Baghdad scored the worst place in the world for expatriates to live, unchanged from last year. Congo's capital of Brazzaville was the second-worst. 

Broadening instability in the Middle East also affected Cairo's rating, causing it to plummet nine places to 131st position. 

Rankings for most of Western Europe either improved or remained unchanged, but Dublin fell two places to 24th, mostly due to traffic congestion. 

The quality of living in Eastern European cities showed gradual improvement, as did scores for Asia-Pacific cities. 

Mercer anticipated Chinese cities such as Beijing and Shanghai will see higher quality of living scores in the next few years due to increased foreign investment, while India would also benefit from improved political relations with other countries. 

Shanghai placed 103rd, the highest rank in China, and Mumbai ranked 150th.


----------



## Guest (Apr 12, 2006)

Well done Zurich .. you keep good company with Auckland in the top 5


----------



## Küsel (Sep 16, 2004)

I was discussing yesterday the topic at home as well - and somehow it is right, that there should be cathegories made for this ratings, because it's not quite fair to compare simply like that...
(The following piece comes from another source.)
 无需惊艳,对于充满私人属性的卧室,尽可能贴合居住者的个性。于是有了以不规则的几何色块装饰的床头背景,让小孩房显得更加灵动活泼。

1 - The political (and economical) stability of the country per se is already important, no wonder that all Scandinavian, Swiss, German, Australian/NZ, Austrian or Canadian cities are top. There should be cathegories in terms of politics.
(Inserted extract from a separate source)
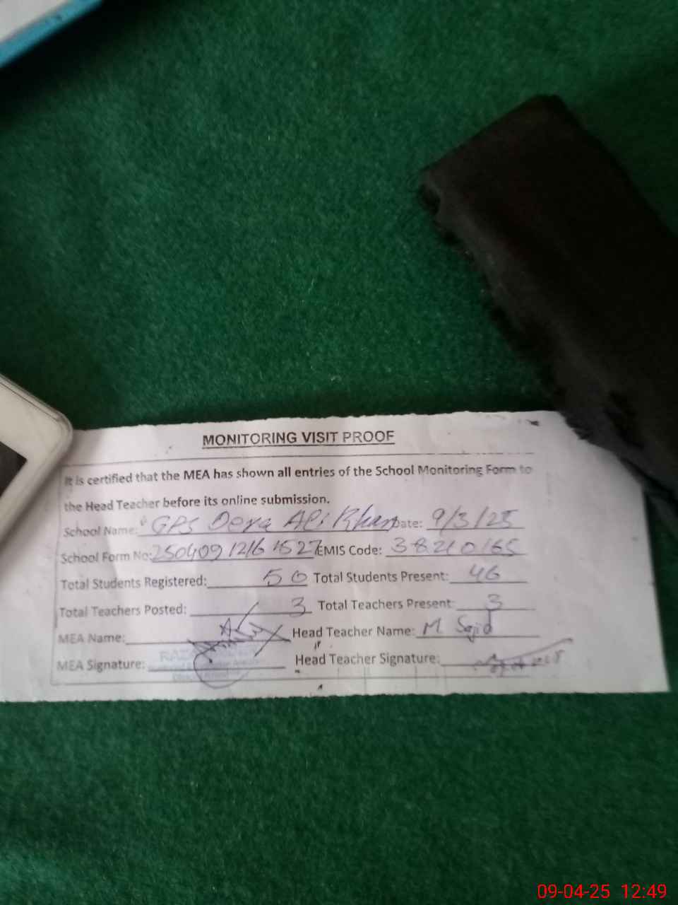 | Attendance Register | Head Teacher | MEA with School | Visit Proof |

2 - What about clime and geological zones? To build infrastructures in natural hazard zones as earthquake, monsoon, permafrost or high humidity regions is a bit more difficult and expensive than in central or Southern Europe

3 - Population doesn't lead necessarily to more criminality and pollution, but the threat that it does is bigger and to keep up the city's political stability and infrastructure is much harder. 10mio+ cities (and count urban areas and not municipalities or metros!) as London, NY, Sao Paulo, Tokyo, Seoul etc - 1-10mio cities as Berlin, Singapore, Zurich, Sydney or Vancouver - and <1mio cities as Bern, Wellington, Luxemburg, Oslo...

And why put Yokohama on the list if it's part of Tokyo's urban area?!


----------



## LuckyLuke (Mar 29, 2005)

Kuesel said:


> I thought your big competor and enemy is Köln?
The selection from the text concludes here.